Don’t talk to the FBI! New Orleans agents harass Cuba solidarity activist
New Orleans, LA- On June 25, FBI agents phoned Cuba solidarity activist Jack Reno Sweeney to attempt to interrogate him about his work. A week prior to calling him, they visited his former apartment, and then called his mother on June 24. They called his mother a second time two days later.
This harassment came after Reno Sweeney hosted Cuban diplomats in the city from May 22 to May 24. The visit fostered solidarity between New Orleanians and the Cuban people, and fought the U.S. embargo on trade and aid to the island.

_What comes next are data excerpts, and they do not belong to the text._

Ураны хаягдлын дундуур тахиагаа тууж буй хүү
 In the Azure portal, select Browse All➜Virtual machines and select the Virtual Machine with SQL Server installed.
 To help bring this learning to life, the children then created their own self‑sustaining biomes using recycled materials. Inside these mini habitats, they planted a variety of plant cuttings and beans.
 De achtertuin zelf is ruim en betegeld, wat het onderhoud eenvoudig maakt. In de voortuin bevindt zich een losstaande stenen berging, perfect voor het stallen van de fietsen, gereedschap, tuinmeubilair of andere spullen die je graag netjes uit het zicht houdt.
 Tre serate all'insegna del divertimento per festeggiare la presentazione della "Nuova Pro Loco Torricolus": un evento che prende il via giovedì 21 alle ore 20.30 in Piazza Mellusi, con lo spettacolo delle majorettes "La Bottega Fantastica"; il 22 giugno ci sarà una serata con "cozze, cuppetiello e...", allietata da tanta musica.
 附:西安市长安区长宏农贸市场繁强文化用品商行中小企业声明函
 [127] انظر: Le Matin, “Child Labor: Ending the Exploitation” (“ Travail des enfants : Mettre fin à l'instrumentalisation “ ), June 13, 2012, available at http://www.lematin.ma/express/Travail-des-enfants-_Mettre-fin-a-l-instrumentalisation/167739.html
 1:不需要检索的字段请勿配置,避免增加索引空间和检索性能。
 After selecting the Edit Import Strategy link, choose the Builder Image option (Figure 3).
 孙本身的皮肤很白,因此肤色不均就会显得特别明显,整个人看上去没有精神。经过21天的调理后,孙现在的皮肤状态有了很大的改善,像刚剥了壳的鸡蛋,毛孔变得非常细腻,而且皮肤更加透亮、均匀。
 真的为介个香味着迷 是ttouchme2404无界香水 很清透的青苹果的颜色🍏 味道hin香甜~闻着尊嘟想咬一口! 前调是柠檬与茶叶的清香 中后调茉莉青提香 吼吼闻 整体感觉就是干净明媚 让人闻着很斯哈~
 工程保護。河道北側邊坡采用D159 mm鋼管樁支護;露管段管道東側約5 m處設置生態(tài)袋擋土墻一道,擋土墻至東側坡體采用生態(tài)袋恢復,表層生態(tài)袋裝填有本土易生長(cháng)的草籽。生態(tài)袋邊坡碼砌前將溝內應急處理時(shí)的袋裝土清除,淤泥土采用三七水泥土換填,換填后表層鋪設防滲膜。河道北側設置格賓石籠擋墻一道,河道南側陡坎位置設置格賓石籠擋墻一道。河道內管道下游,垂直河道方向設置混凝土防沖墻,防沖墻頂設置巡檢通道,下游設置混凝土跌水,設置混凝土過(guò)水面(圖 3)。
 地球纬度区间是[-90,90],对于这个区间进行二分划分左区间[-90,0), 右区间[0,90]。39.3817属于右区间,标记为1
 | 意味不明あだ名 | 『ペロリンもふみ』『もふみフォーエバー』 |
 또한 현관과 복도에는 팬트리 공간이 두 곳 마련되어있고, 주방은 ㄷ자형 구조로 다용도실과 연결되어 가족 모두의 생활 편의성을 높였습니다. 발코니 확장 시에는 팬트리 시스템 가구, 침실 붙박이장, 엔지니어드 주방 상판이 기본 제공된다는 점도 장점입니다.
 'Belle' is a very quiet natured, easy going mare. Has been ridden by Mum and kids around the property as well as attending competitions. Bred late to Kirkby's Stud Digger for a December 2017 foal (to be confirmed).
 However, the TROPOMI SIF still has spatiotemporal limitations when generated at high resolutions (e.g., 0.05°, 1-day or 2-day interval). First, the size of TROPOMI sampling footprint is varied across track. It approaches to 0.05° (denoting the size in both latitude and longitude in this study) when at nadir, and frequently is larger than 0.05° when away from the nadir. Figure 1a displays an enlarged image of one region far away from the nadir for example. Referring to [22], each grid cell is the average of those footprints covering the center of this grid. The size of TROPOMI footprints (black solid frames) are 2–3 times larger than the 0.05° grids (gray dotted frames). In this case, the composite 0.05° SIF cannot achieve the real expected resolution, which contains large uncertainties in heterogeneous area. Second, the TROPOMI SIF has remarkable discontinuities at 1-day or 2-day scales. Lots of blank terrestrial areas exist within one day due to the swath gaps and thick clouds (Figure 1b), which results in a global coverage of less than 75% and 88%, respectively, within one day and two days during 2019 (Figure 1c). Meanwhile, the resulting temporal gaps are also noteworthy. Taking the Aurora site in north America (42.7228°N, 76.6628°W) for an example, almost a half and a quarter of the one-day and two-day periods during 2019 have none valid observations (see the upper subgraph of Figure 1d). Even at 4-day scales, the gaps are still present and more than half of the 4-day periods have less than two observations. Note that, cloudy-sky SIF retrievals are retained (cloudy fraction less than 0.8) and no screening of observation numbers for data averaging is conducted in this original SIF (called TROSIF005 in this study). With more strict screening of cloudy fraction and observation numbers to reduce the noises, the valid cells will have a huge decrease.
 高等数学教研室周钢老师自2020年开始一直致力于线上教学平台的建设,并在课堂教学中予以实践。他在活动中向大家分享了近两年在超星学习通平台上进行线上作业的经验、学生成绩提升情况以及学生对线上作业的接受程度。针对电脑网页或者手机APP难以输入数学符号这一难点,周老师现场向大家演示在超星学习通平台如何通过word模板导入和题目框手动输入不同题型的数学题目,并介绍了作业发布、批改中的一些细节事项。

Fight Back! interviewed Reno Sweeney about the trip and the FBI harassment. He’s a good example of what to do if an agent shows up at your door - don’t talk to the FBI. The FBI will try to find ways to throw you off guard, call at odd hours, show up at your home or work, contact family or whoever they can get ahold of. In every case, you tell them that you have nothing to say. If you have a lawyer, you can say that you legal representative might contact them. Jack Reno Sweeney is the co-chair of New Orleans DSA and a member of the Freedom Road Socialist Organization.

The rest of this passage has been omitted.